*** DATA SEGMENT

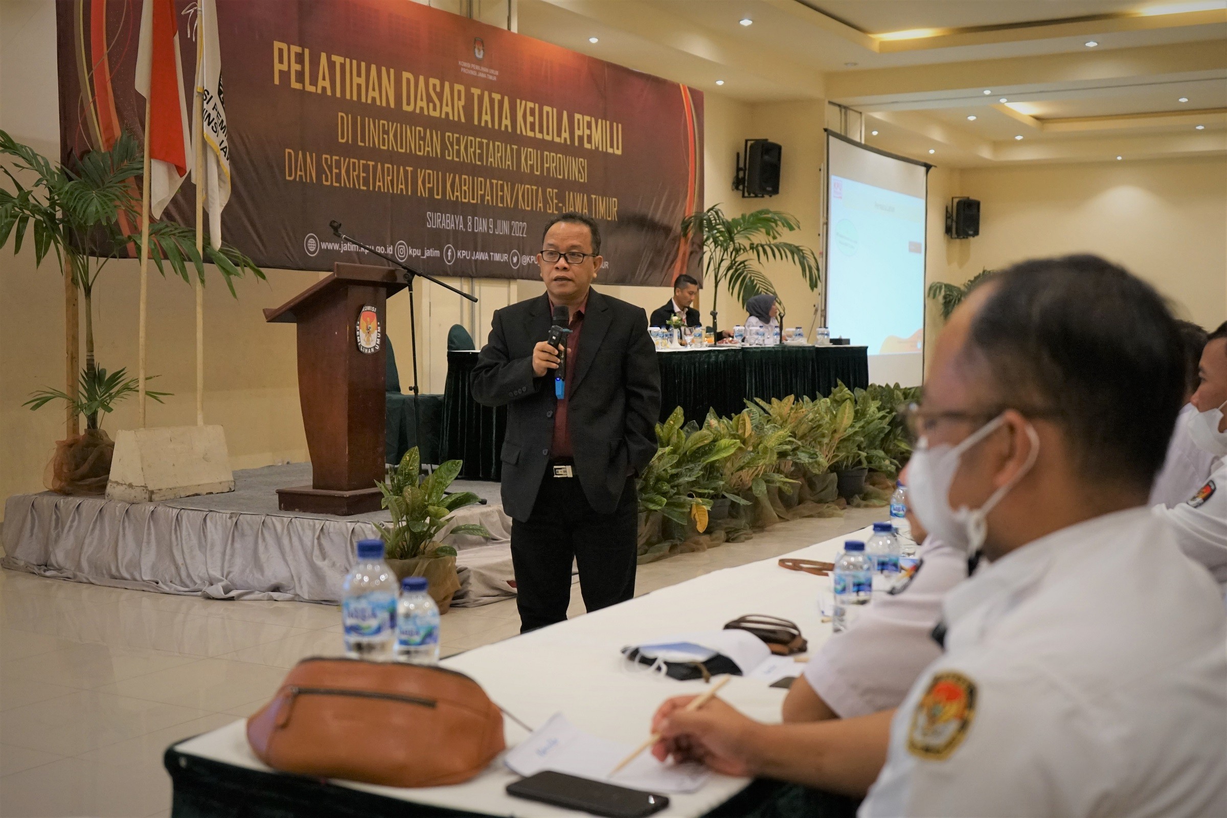 Surabaya, jatim.kpu.go.id- Sekretaris Jenderal (Sekjen) KPU Republik Indonesia, Bernad Dermawan Sutrisno menekankan bahwa Pegawai Negeri Sipil (PNS) di lingkungan sekretariat jenderal KPU harus menjadi sumber daya manusia yang berkompeten, berintegritas, dan berwibawa. Demikian disampaikan dalam arahannya pada pembukaan Pelatihan Dasar Tata Kelola Pemilu Bagi PNS di lingkungan Sekretariat KPU Provinsi dan Kabupaten/ Kota se-Jawa Timur tahap 2 hari ini, Kamis (9/6).
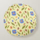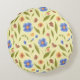 El Blooming Garden Round Pillow ofrece un diseño encantador de flores azules y naranjas en un suave fondo beige. Esta almohada es perfecta para añadir un toque de elegancia natural a cualquier habitación.
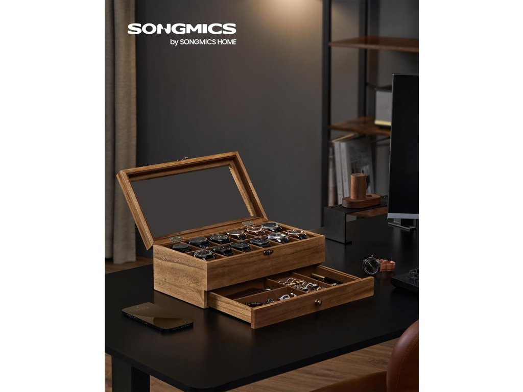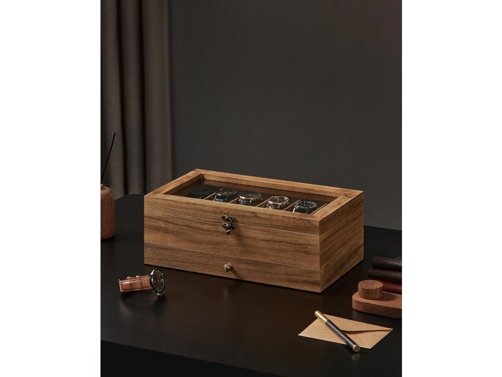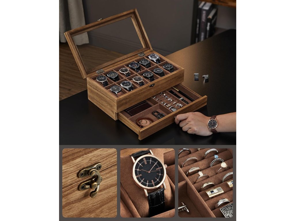 S 12 přihrádkami na hodinky v první vrstvě a různými přihrádkami ve spodní zásuvce na řemínky k hodinkám, prsteny a manžetové knoflíčky udržuje tato dvoupatrová krabička na hodinky přehledně uspořádané hodinky i šperky. Tento držák na hodinky s masivním dřevěným rámem s bohatou kresbou dřeva a velkým víkem z čirého skla nejen splňuje vaše potřeby v oblasti úložného prostoru, ale také stylově doplní vaši sbírku hodinek a oživí váš prostor. Tato krabička na hodinky s robustním dřevěným rámem zvenku a měkkým sametem zevnitř nabízí všestrannou ochranu vašich hodinek před nehodami a poškrábáním. Měkké, ale zároveň podpůrné polštářky je udrží v dobrém stavu. Toto pouzdro na hodinky má velké, čiré skleněné víko, takže můžete vystavit svou sbírku hodinek, chránit je před prachem a okamžitě najít své oblíbené, abyste ušetřili čas během hektických rán. Tato elegantní a praktická krabička na hodinky je skvělým dárkem k narozeninám, výročím nebo svátkům, ať už pro vaši rodinu, přátele nebo někoho blízkého. Nebo proč si neudělat radost sami sobě? Zasloužíte si to. Barva: Rustikální ořech. Materiál: Dřevo paulovnie, sametová podšívka, sklo. Rozměry výrobku: 34 x 19 x 12,5 cm. Hmotnost výrobku: 1,6 kg
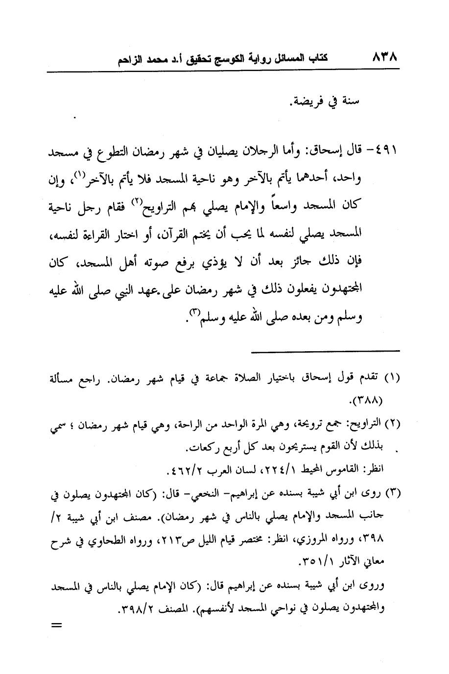 [491-] قال إسحاق: وأما الرجلان يصليان في شهر رمضان التطوع في مسجد واحد، أحدهما يأتم بالآخر وهو ناحية المسجد فلا يأتم بالآخر1، وإن كان المسجد واسعاً والإمام يصلي بهم التراويح2 فقام رجل ناحية المسجد يصلي لنفسه لما يحب أن يختم القرآن، أو اختار القراءة لنفسه، فإن ذلك جائز بعد أن لا يؤذي برفع صوته أهل المسجد، كان المجتهدون يفعلون ذلك في شهر رمضان على عهد النبي صلى الله عليه وسلم ومن بعده صلى الله عليه وسلم3.

******

[TASK ITEM]: Your answer must be an exact copy of the listing, with every picture omitted.

[ANSWER SECTION]:
 Surabaya, jatim.kpu.go.id- Sekretaris Jenderal (Sekjen) KPU Republik Indonesia, Bernad Dermawan Sutrisno menekankan bahwa Pegawai Negeri Sipil (PNS) di lingkungan sekretariat jenderal KPU harus menjadi sumber daya manusia yang berkompeten, berintegritas, dan berwibawa. Demikian disampaikan dalam arahannya pada pembukaan Pelatihan Dasar Tata Kelola Pemilu Bagi PNS di lingkungan Sekretariat KPU Provinsi dan Kabupaten/ Kota se-Jawa Timur tahap 2 hari ini, Kamis (9/6).
 El Blooming Garden Round Pillow ofrece un diseño encantador de flores azules y naranjas en un suave fondo beige. Esta almohada es perfecta para añadir un toque de elegancia natural a cualquier habitación.
 S 12 přihrádkami na hodinky v první vrstvě a různými přihrádkami ve spodní zásuvce na řemínky k hodinkám, prsteny a manžetové knoflíčky udržuje tato dvoupatrová krabička na hodinky přehledně uspořádané hodinky i šperky. Tento držák na hodinky s masivním dřevěným rámem s bohatou kresbou dřeva a velkým víkem z čirého skla nejen splňuje vaše potřeby v oblasti úložného prostoru, ale také stylově doplní vaši sbírku hodinek a oživí váš prostor. Tato krabička na hodinky s robustním dřevěným rámem zvenku a měkkým sametem zevnitř nabízí všestrannou ochranu vašich hodinek před nehodami a poškrábáním. Měkké, ale zároveň podpůrné polštářky je udrží v dobrém stavu. Toto pouzdro na hodinky má velké, čiré skleněné víko, takže můžete vystavit svou sbírku hodinek, chránit je před prachem a okamžitě najít své oblíbené, abyste ušetřili čas během hektických rán. Tato elegantní a praktická krabička na hodinky je skvělým dárkem k narozeninám, výročím nebo svátkům, ať už pro vaši rodinu, přátele nebo někoho blízkého. Nebo proč si neudělat radost sami sobě? Zasloužíte si to. Barva: Rustikální ořech. Materiál: Dřevo paulovnie, sametová podšívka, sklo. Rozměry výrobku: 34 x 19 x 12,5 cm. Hmotnost výrobku: 1,6 kg
 [491-] قال إسحاق: وأما الرجلان يصليان في شهر رمضان التطوع في مسجد واحد، أحدهما يأتم بالآخر وهو ناحية المسجد فلا يأتم بالآخر1، وإن كان المسجد واسعاً والإمام يصلي بهم التراويح2 فقام رجل ناحية المسجد يصلي لنفسه لما يحب أن يختم القرآن، أو اختار القراءة لنفسه، فإن ذلك جائز بعد أن لا يؤذي برفع صوته أهل المسجد، كان المجتهدون يفعلون ذلك في شهر رمضان على عهد النبي صلى الله عليه وسلم ومن بعده صلى الله عليه وسلم3.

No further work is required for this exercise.